▸ DIRECTIONS FOR THIS TASK
Where an entry contains an image, leave the image out; restate everything else exactly.

▸ GIVEN RECORDS

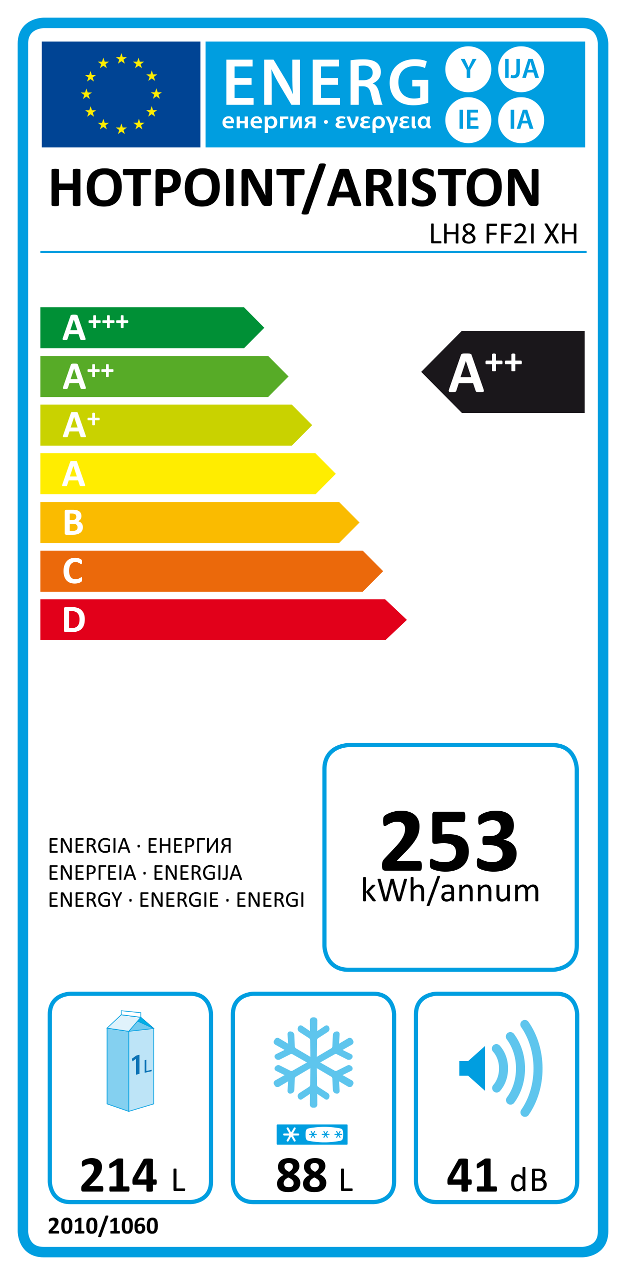 CLASSE A++ – NO FROST – (AXLXP) 189X60X68.7CM – 302LTS – INOX
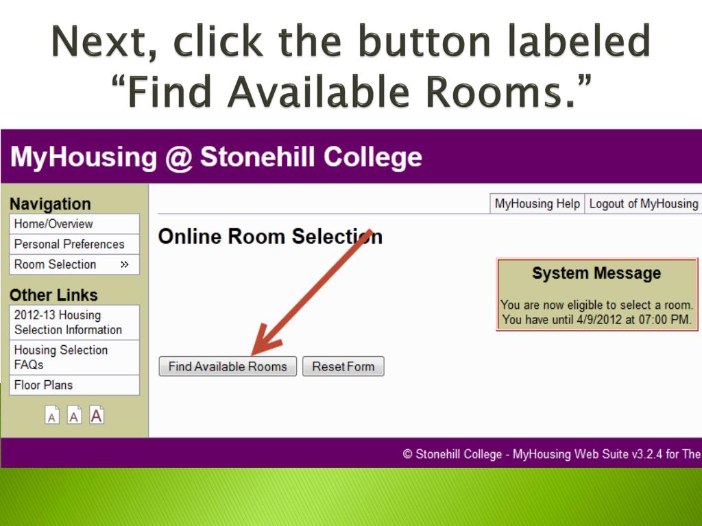 Housing Lottery. A Step-By-Step Guide for Room/Suite Selection Residence Life, Stonehill College. First, log into myHill and click on MY Housing. Next, click the button labeled “MyHousing.”. Review Your Activation Times in MyHousing.
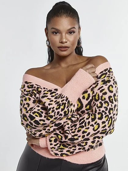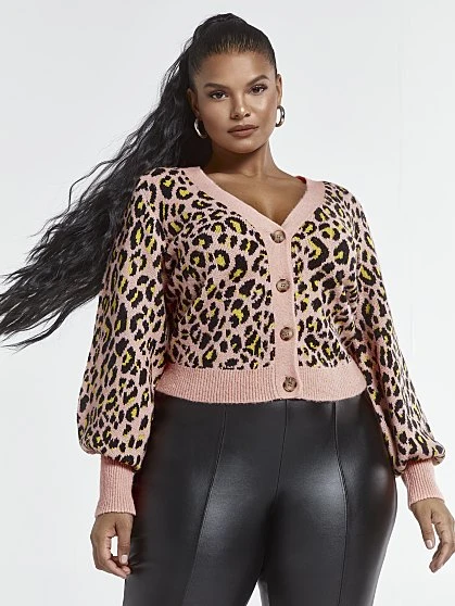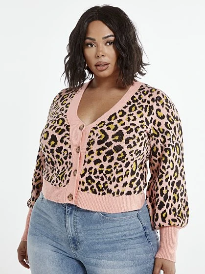 The classic cardigan remixed! This must-have style has a cropped length and gorgeous pink leopard print with hints of neon green that pops. The lantern sleeves add a chic vibe. Pair with our flare leg jeans for a playful fall look.
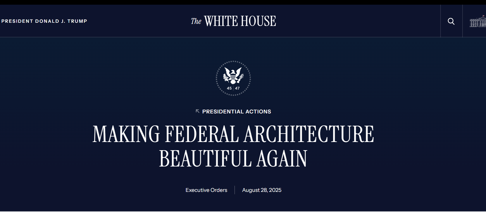 Trump har sedan tidigare drivit tesen “Making Federal Architecture Beautiful Again” – bland annat med devisen att “traditionell och klassisk arkitektur” ska vara förstahandsvalet för alla federala byggnader.
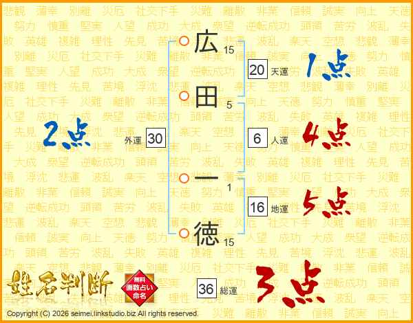広田一徳さんの総運は36画の3点!
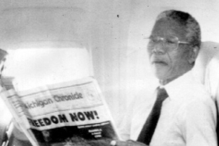 Nelson Mandela reads Michigan Chronicle as he departs from Detroit’s Metro Airport
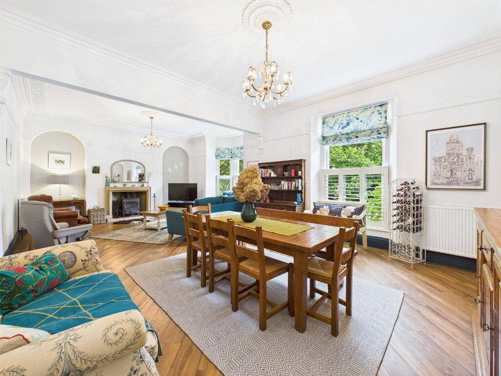 To the left, a 30ft open-plan living and dining room offers elegant, flexible space for both entertaining and everyday living. Rich with original features including ornate ceiling cornices, ceiling roses, and traditional window shutters, the room is further enhanced by Karndean flooring and a wood-burning stove set within a beautiful fireplace.
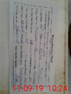 | Monitoring Date: 11-09-2019 | Start Time: 11-09-2019 10:16 AM | End Time: 11-09-2019 10:27 AM | Name of MEA: NA**** AH**** BN**** | |
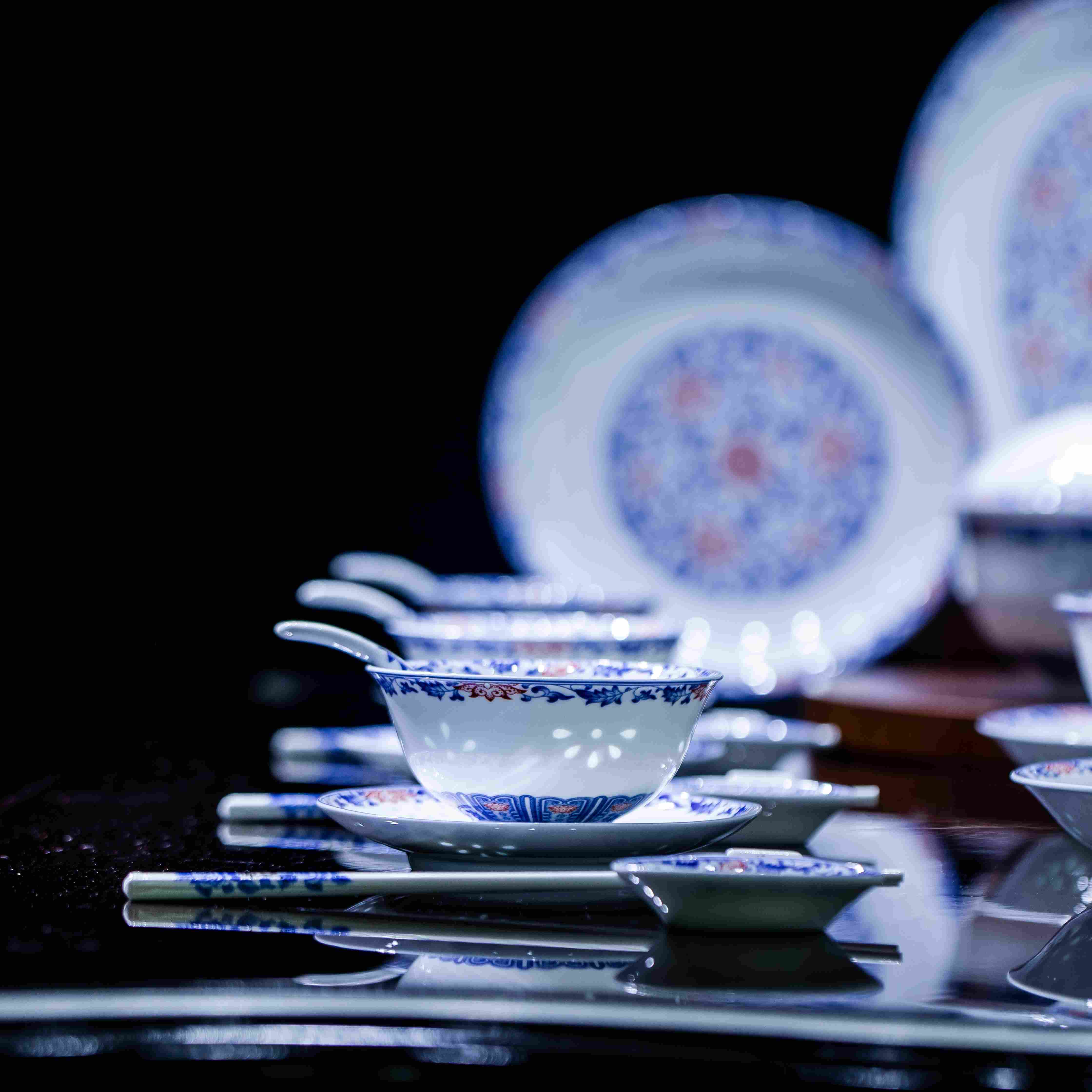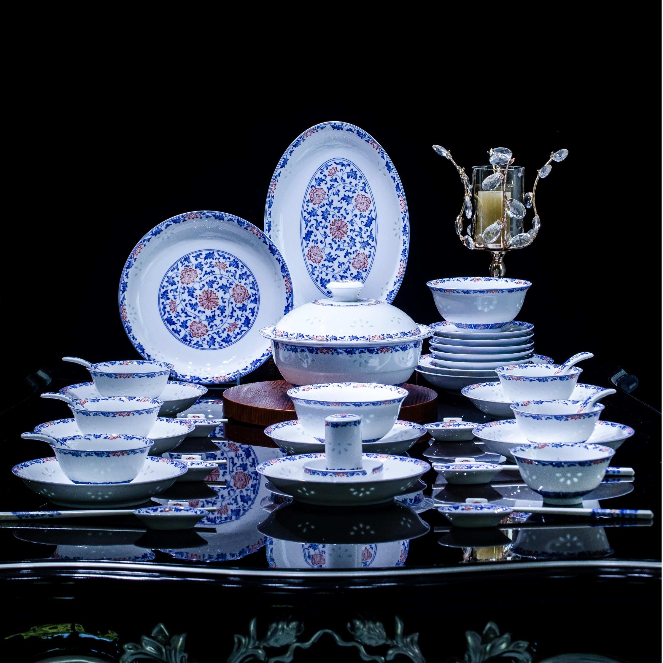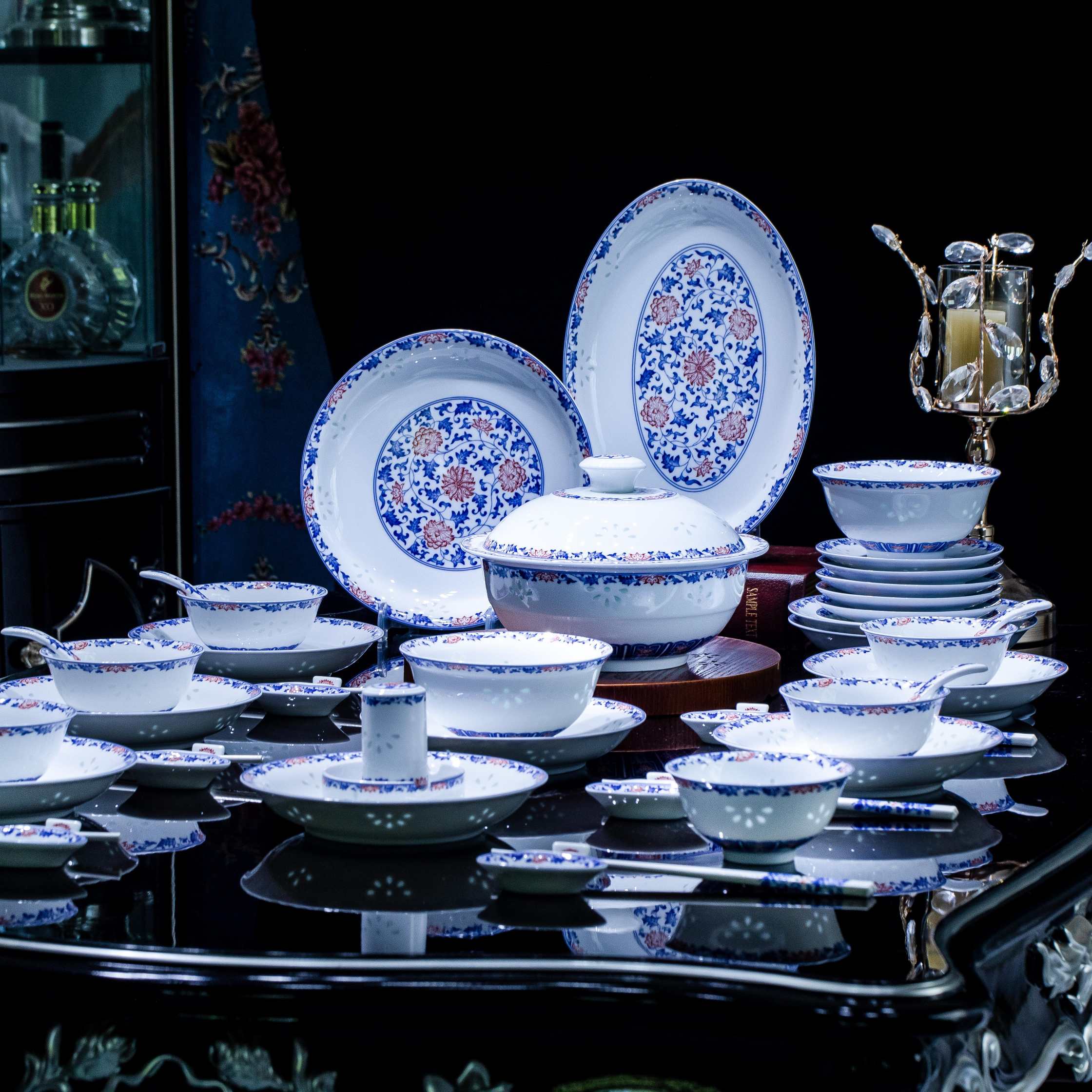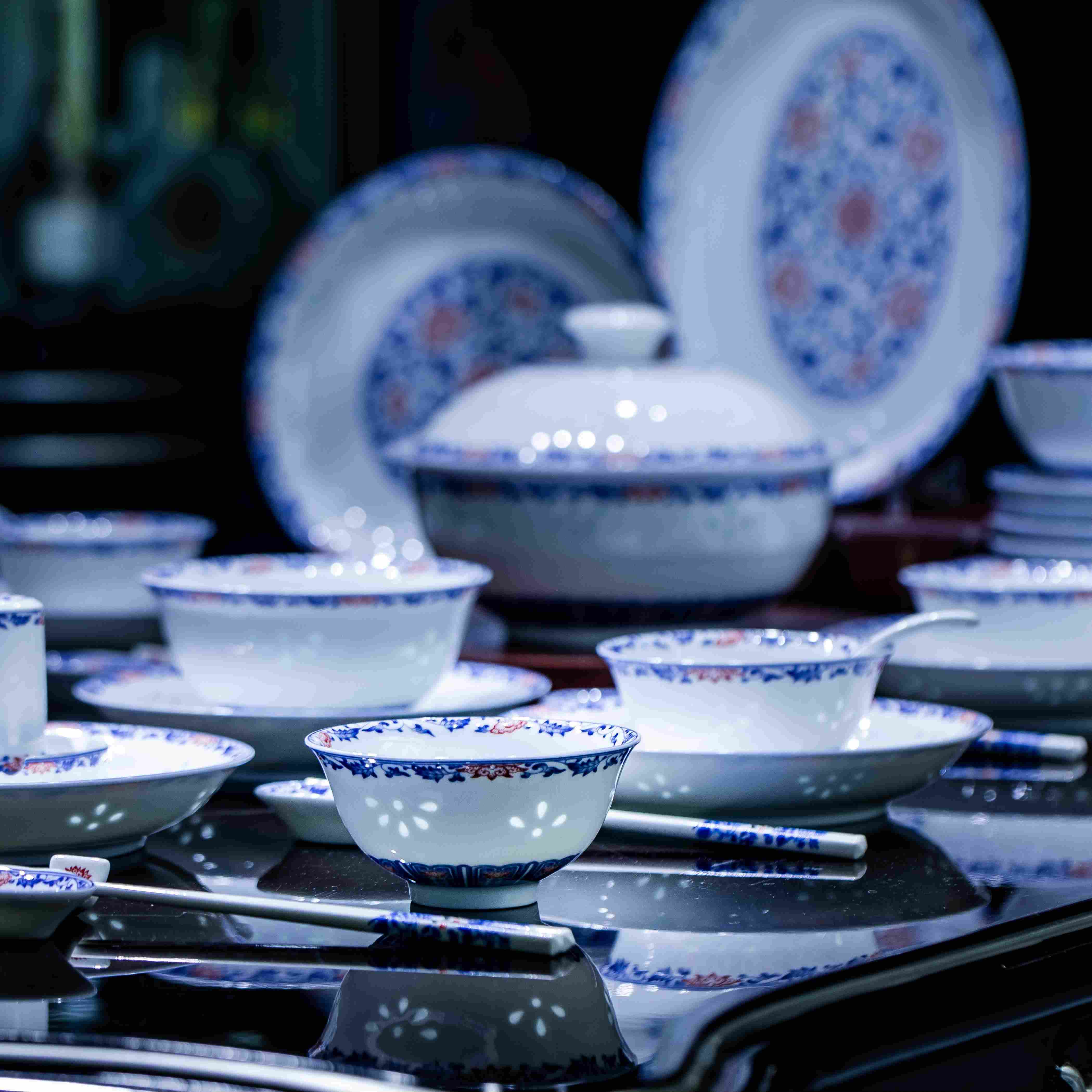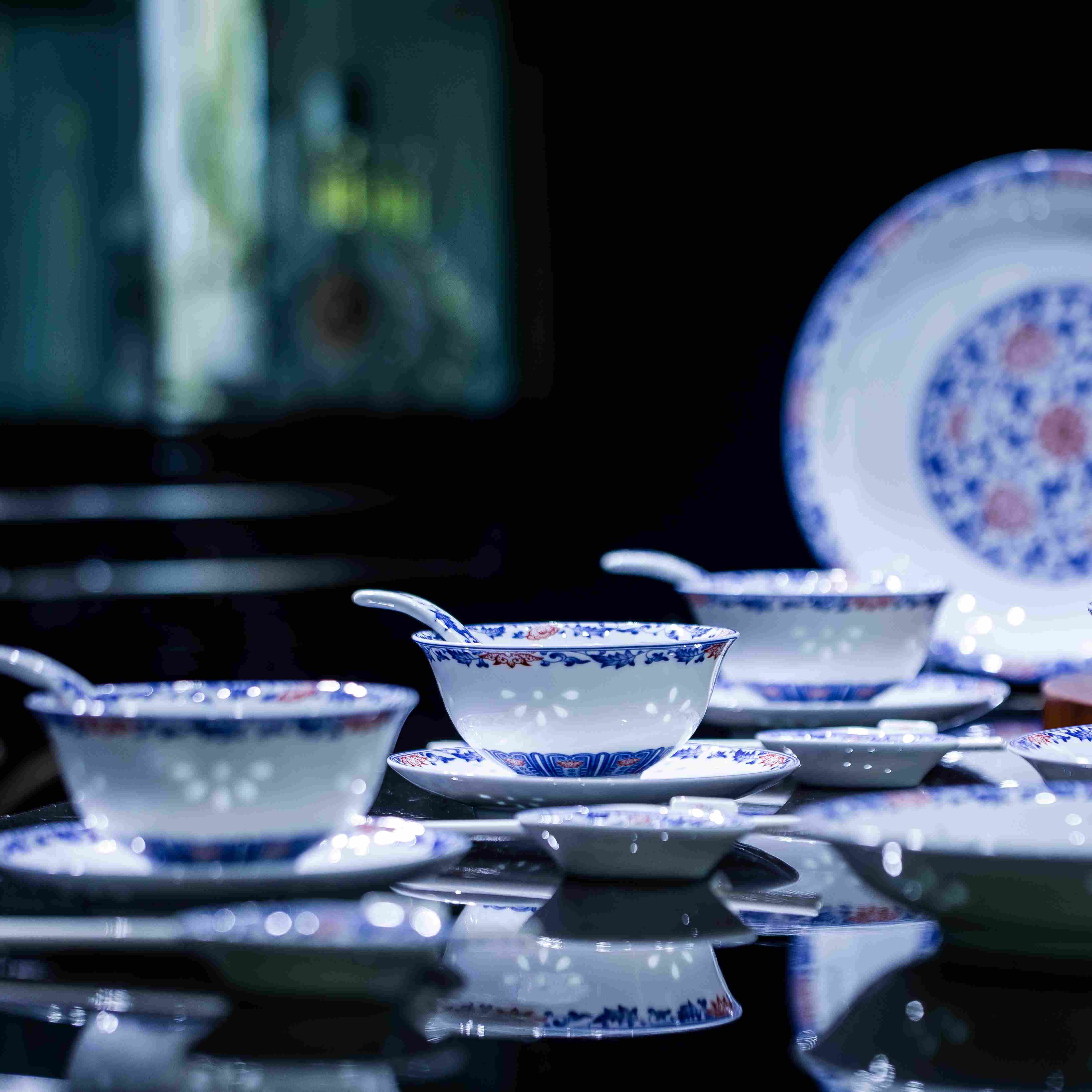 首页 / 餐具 / 套组餐具 / 68头玲珑釉里红餐具套组

▸ WRITTEN ANSWER
 CLASSE A++ – NO FROST – (AXLXP) 189X60X68.7CM – 302LTS – INOX
 Housing Lottery. A Step-By-Step Guide for Room/Suite Selection Residence Life, Stonehill College. First, log into myHill and click on MY Housing. Next, click the button labeled “MyHousing.”. Review Your Activation Times in MyHousing.
 The classic cardigan remixed! This must-have style has a cropped length and gorgeous pink leopard print with hints of neon green that pops. The lantern sleeves add a chic vibe. Pair with our flare leg jeans for a playful fall look.
 Trump har sedan tidigare drivit tesen “Making Federal Architecture Beautiful Again” – bland annat med devisen att “traditionell och klassisk arkitektur” ska vara förstahandsvalet för alla federala byggnader.
広田一徳さんの総運は36画の3点!
 Nelson Mandela reads Michigan Chronicle as he departs from Detroit’s Metro Airport
 To the left, a 30ft open-plan living and dining room offers elegant, flexible space for both entertaining and everyday living. Rich with original features including ornate ceiling cornices, ceiling roses, and traditional window shutters, the room is further enhanced by Karndean flooring and a wood-burning stove set within a beautiful fireplace.
 | Monitoring Date: 11-09-2019 | Start Time: 11-09-2019 10:16 AM | End Time: 11-09-2019 10:27 AM | Name of MEA: NA**** AH**** BN**** | |
 首页 / 餐具 / 套组餐具 / 68头玲珑釉里红餐具套组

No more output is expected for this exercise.